Estas respuestas fantasiosas y nominales, que sólo venden percepciones y expectativas, no funcionan ya. Paja. Uno solo quiere llegar a casa. Cambiar o que le cambien de país (o el país) y que cese –ahora, de inmediato– esta retórica en la que se acoquinan los golpes: el económico, el sanitario, el hospitalario, el educacional, el delictivo, el magnicida, el eléctrico…

Y que le permitan llegar a uno a su apartamento, sin estar seguros de poder soportarlo más.

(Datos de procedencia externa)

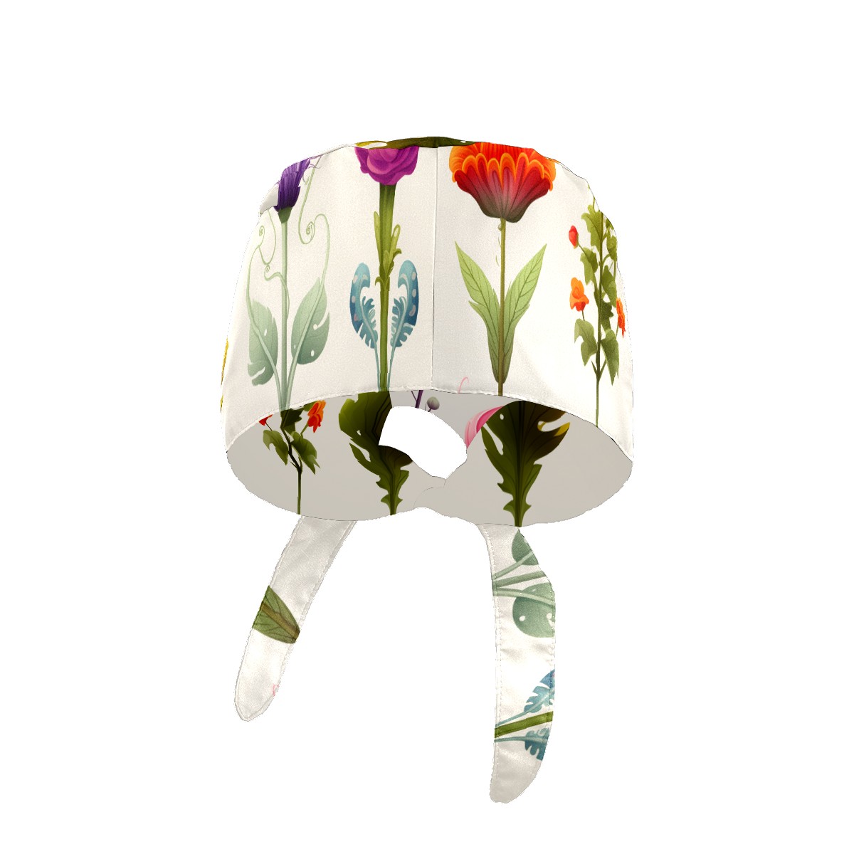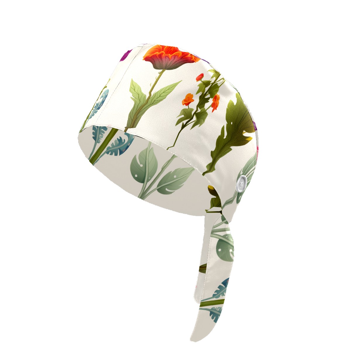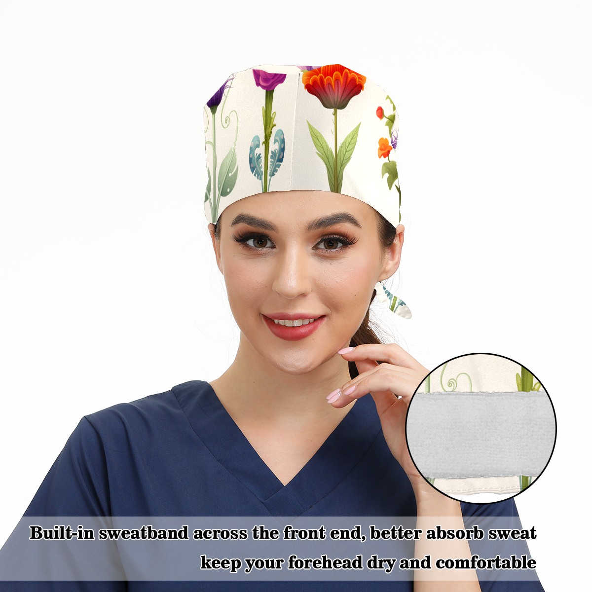 Working Caps with Button & Sweatband Satin Lined Cotton Adjustable Nurse Hats Elastic Band Scrub Cap Surgeon Hat Plants
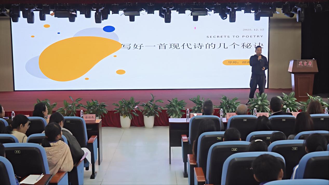 当千年的诗韵流淌进青青校园,当跃动的童心与凝练的意象相遇,12月25日,一场以诗歌为媒的成长对话在深圳市梧桐小学悠然开启。本次活动特邀中国作家协会会员、深圳市作家协会副主席、罗湖区作家协会主席、著名诗人谢湘南老师走进校园,为师生带来题为《写好一首现代诗的几个秘诀》的专题讲座,与师生共赴一场期待已久的诗意之约。
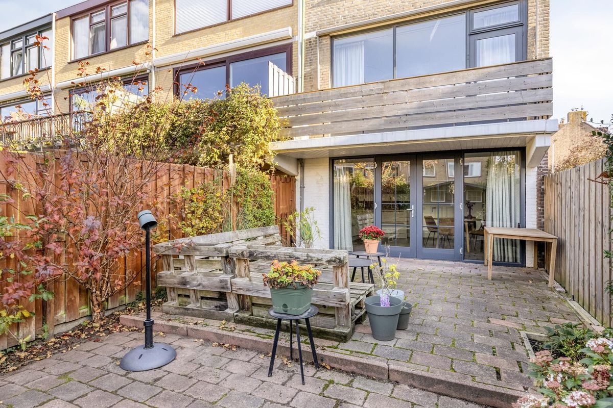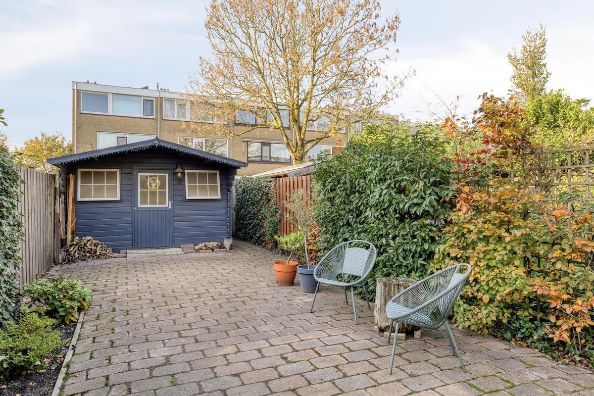 De fraai aangelegde achtertuin, gelegen op het westen, is maar liefst 18 meter diep. Dankzij de ligging geniet je hier optimaal van de middag- en avondzon. De tuin beschikt over een berging met elektra en een handige achterom.
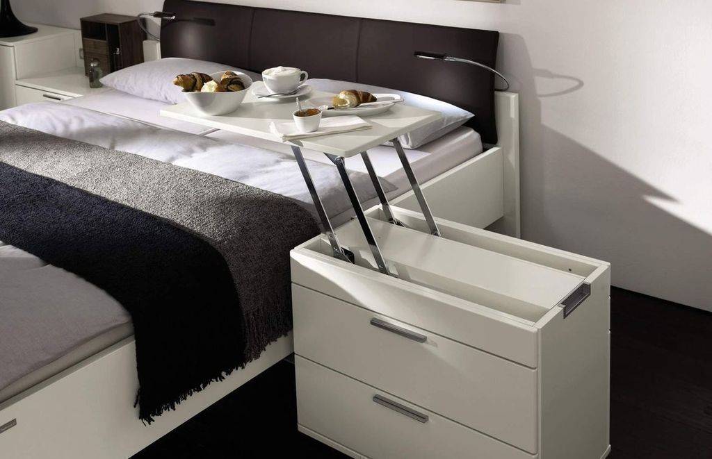 Оригинальной и удобной является конструкция, представляющая собой тумбочку, которая имеет выдвижную столешницу и запросто превращается в столик, за которым можно позавтракать просто в постели.
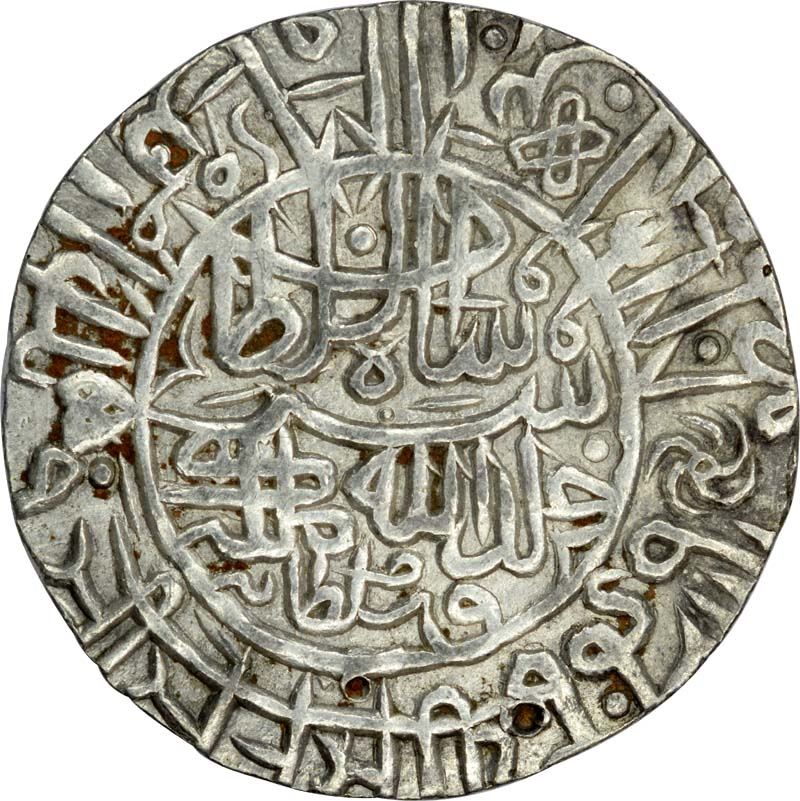 Delhi Sultanate, Suris Dynasty, Sher Shah Suri,Silver Rupee, AH949, Obv: al-sultan al-adil abul muzaffar farid al-dunya wal din, Rev: kalima shahada, Legends Differently Arranged, Different Mint marks in margin, Circular Areas Type, broad flan, 11.50g, 33.18mm, (GG # D826), about very fine, Scarce.
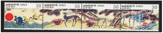 The next largest category of images in the subject area of cultural history was the ‘religious‘ aspects of folklore, accounting for 66 images or 41 percent. Again the use of imagery of this type appears very early. On 1 April 1951, less than three years after the founding of the state and during the middle of the Korean War (1950–1953), South Korea issued a definitive series of stamps that included issues depicting two folkloric animals, the irwŏl-hak (日月鶴, Sun-Moon Crane) and the Paekho (白虎, White Tiger), SK 72 and SK 73 (Figure 2 and Figure 3). Subsequent issues had images depicting spirits on the ends of roof tiles, folkloric animals in paintings or adorning objects, such as poles, as well as performance images, such as shamanic dancers and shamanic ceremonies in modern art. A repeating folkloric image is of the Sip changsaeng (十長生, Ten Symbols of Longevity; Pratt and Rutt 1999, p. 273). Although these ten symbols are common to all of the nations of East Asia, the Korean tradition has been to place them all together within a single work of art, often as the scene on a multi-panel screen. In 1980, the ROK issued four stamps (SK 1213-1216, Figure 4) on this theme, which was repeated again in 1989 (SK 1585) for World Environment Day and again on 16 August 1994 in a set of eight stamps for the world stamp exhibition PhilaKorea 1994 (SK 1791–1797). The date of issue is significant, as August 15 is the date in 1945 when Japan surrendered to the Allied forces. The date is celebrated each year as national Liberation Day (Haebang-ŭi nal, 解放 의 날) and often has had a commemorative stamp issued on or around that date. The most recent issue on the Sip changsaeng motif was a minisheet from 30 March 2023 (SK 3639–3654).
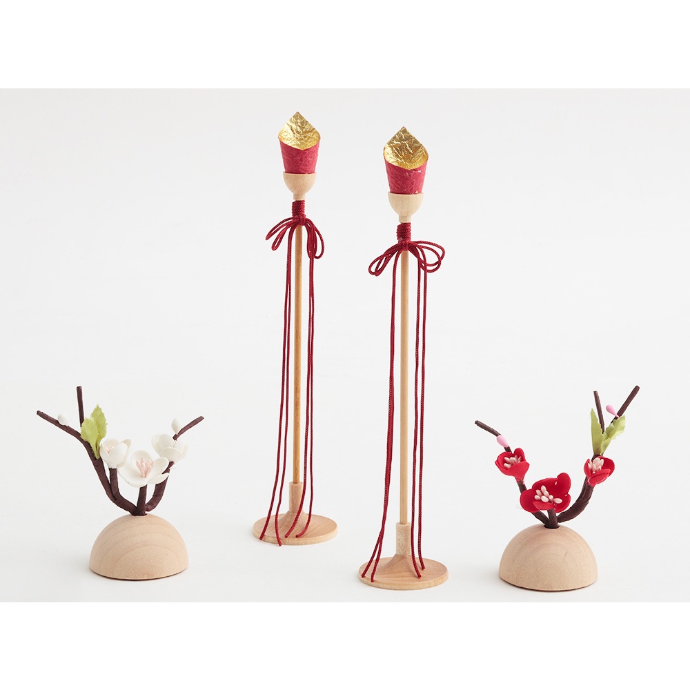 飾り台と色合いを合わせた雅やかな紅白梅に、縁起の良い熨斗飾りを添えた、春の晴れの日に相応しい風情のある仕立ても特長です。
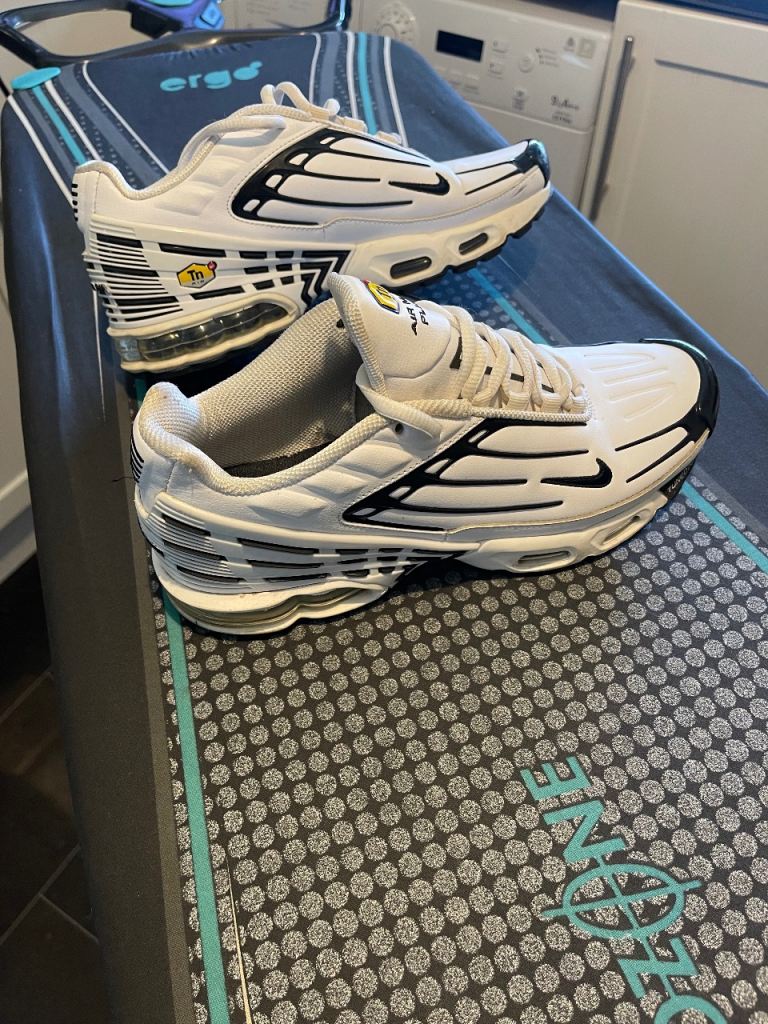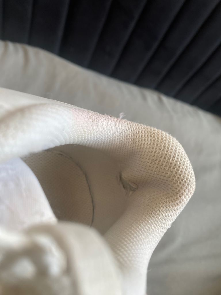They've seen some wear, with minor discolouration on the laces and a slight heal tear inside one shoe.
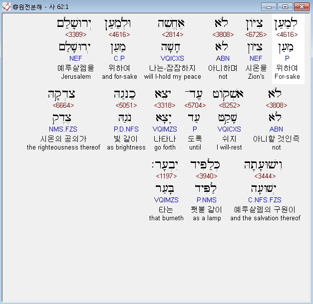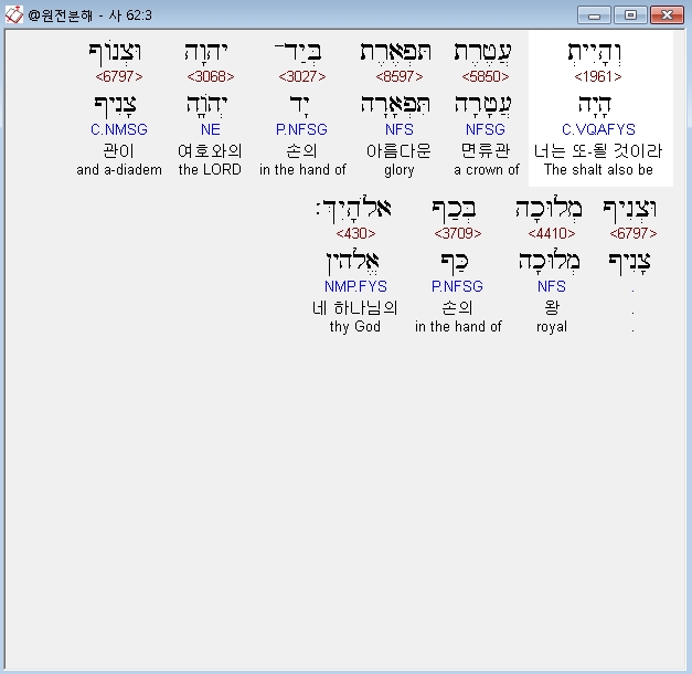 | 히브리어 이사야 61장 전체 원어 원문 성경 공부 주석 강해 설교 해설 해석 (0) | 2020.10.18 |

Con decir que ya hasta los escritos de José Vicente (hablo del columnista gubernamental que yo más he respetado en todos mis años de carrera profesional) se nos asemejan a los partes de una junta militar de gobierno.

Por eso uno se pregunta: ¿Qué pasa? ¿Cuándo comenzará en este país la catarsis? ¿Repetirá esta nueva dirección “revolucionaria” la misma estrategia suicida de  de AD y Copei en los años 90, de la cual únicamente Ramos Allup y Eduardo aún respiran, de no rectifico y no me voy? ¿Del yo me caigo y me traigo conmigo el techo?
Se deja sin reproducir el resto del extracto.